Tim Price: Crowd Control
Comment of the Day

August 19 2011

Commentary by David Fuller

Tim Price: Crowd Control

My thanks to the author, who is in fine form in this latest letter, for permission to post it. Here is the opening:
Extraordinary scenes here in the UK, with a parasitical underclass robbing, torching and looting businesses. But enough of the bankers - why did a segment of Britain's 'lost' urban generation suddenly turn feral ? The comparison between out of control financiers and disaffected violent youths is not merely a tired snipe against our unreconstructed banking class. There are wider social tensions busily simmering away.
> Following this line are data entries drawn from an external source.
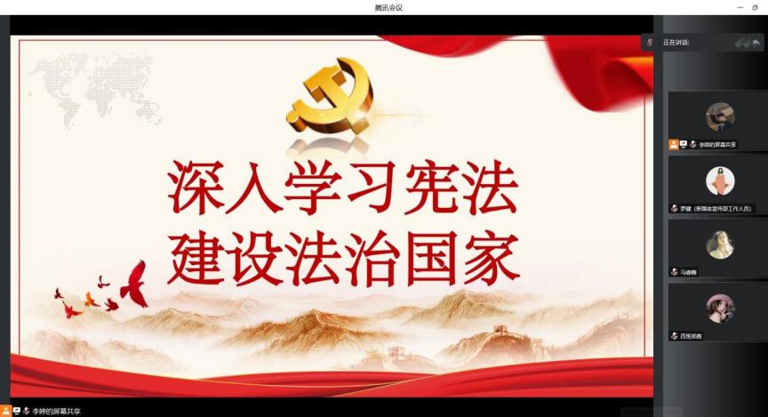 李婷同学通过讲述我国宪法艰难曲折的发展史,说明宪法与国家前途、人民命运息息相关,引导大家自觉地恪守宪法原则、弘扬宪法精神、履行宪法使命。紧接着,她又从“宪法的基本内容”、“公民的基本权利和义务”两方面,介绍了宪法的基本知识,再从“党的领导原则”等六项原则对宪法的基本原则进行阐述。最后,她引出宪法的基本精神和内涵,号召大家作为未来法治中国的桥梁,要厚青年之修养、畅青年之精神、壮青年之意志,从我做起、从现在做起,自觉学习宪法,树立宪法权威、弘扬宪法精神,以推进依法治国。同学们就此展开讨论,并提出自己的法制理念。
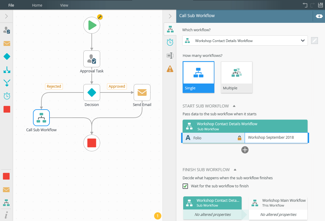 In this example, you work with two workflows called Workshop Main Workflow and Workshop Contact Details. The Workshop Contact Details workflow is added and configured to the Workshop Main Workflow in a Call Sub Workflow step and referred to as the sub or child workflow. This then makes the Workshop Main Workflow the main or parent workflow.
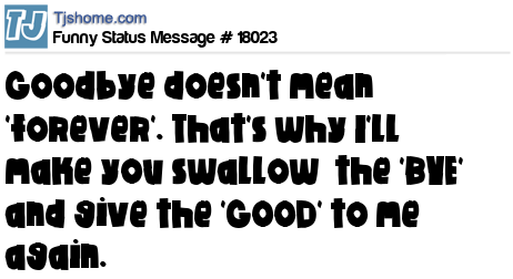 X  Goodbye doesn't mean 'forever'. That's why I'll make you swallow  the 'BYE' and give the 'GOOD' to me again.
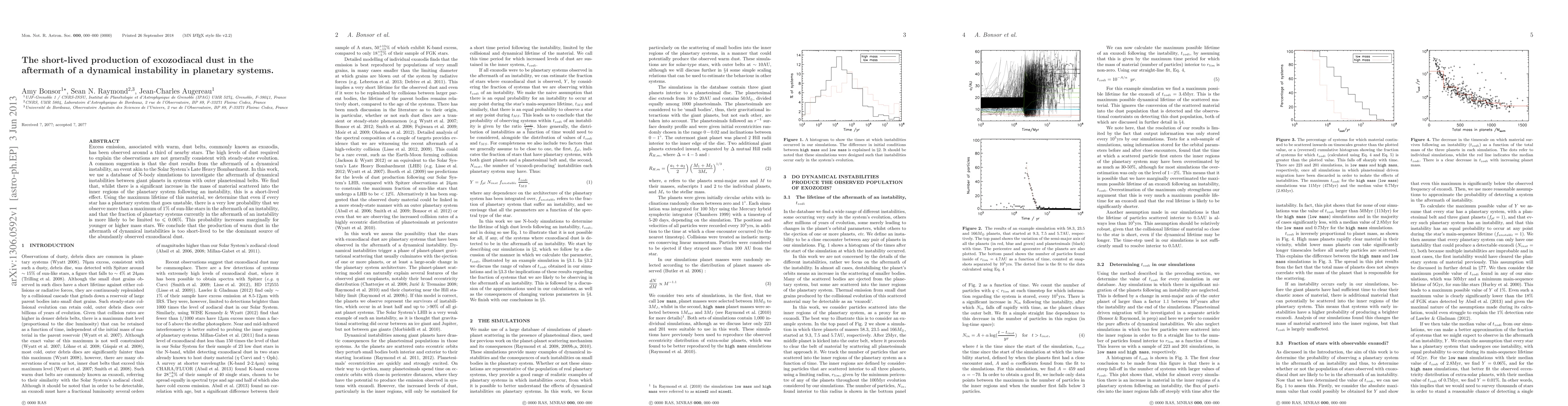 Excess emission, associated with warm, dust belts, commonly known as exozodis, has been observed around a third of nearby stars. The high levels of dust required to explain the observations are not generally consistent with steady-state evolution. A common suggestion is that the dust results from the aftermath of a dynamical instability, an event akin to the Solar System's Late Heavy Bombardment. In this work, we use a database of N-body simulations to investigate the aftermath of dynamical instabilities between giant planets in systems with outer planetesimal belts. We find that, whilst there is a significant increase in the mass of material scattered into the inner regions of the planetary system following an instability, this is a short-lived effect. Using the maximum lifetime of this material, we determine that even if every star has a planetary system that goes unstable, there is a very low probability that we observe more than a maximum of 1% of sun-like stars in the aftermath of an instability, and that the fraction of planetary systems currently in the aftermath of an instability is more likely to be limited to <0.06. This probability increases marginally for younger or higher mass stars. We conclude that the production of warm dust in the aftermath of dynamical instabilities is too short-lived to be the dominant source of the abundantly observed exozodiacal dust.
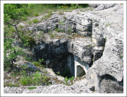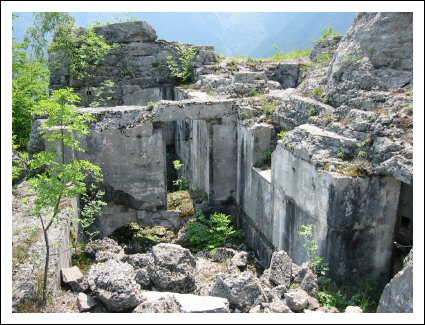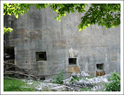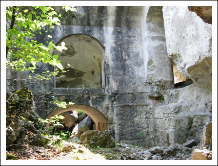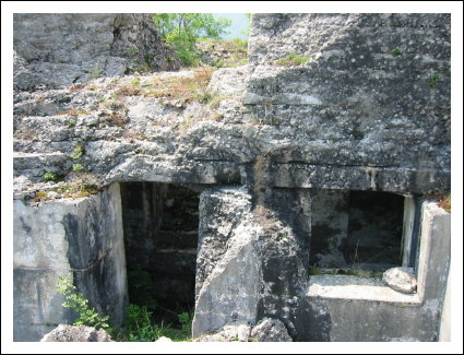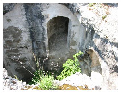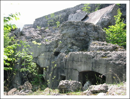 Die Geschützbrunnen mit den Zugängen sind noch gut zu sehen.

Perhaps some of the rioters who took to the streets of London, Birmingham and Manchester last week have started to twig that they face a lifetime of higher taxes (if they can get jobs at all) and diminished social services courtesy of decades of swelling "entitlement", the accumulated benefits of the baby-boomers that preceded them, and the damage wrought by self-interested financiers playing at casino capitalism of no social merit whatsoever. Not so much Generation X as Generation Ex: ex-jobs, ex-growth, ex-prospects. We have had politicians pocketing illicit expenses, and bankers trousering unjustifiable bonuses even as the financial system totters at the cliff edge. Is trashing Miss Selfridge really so different ?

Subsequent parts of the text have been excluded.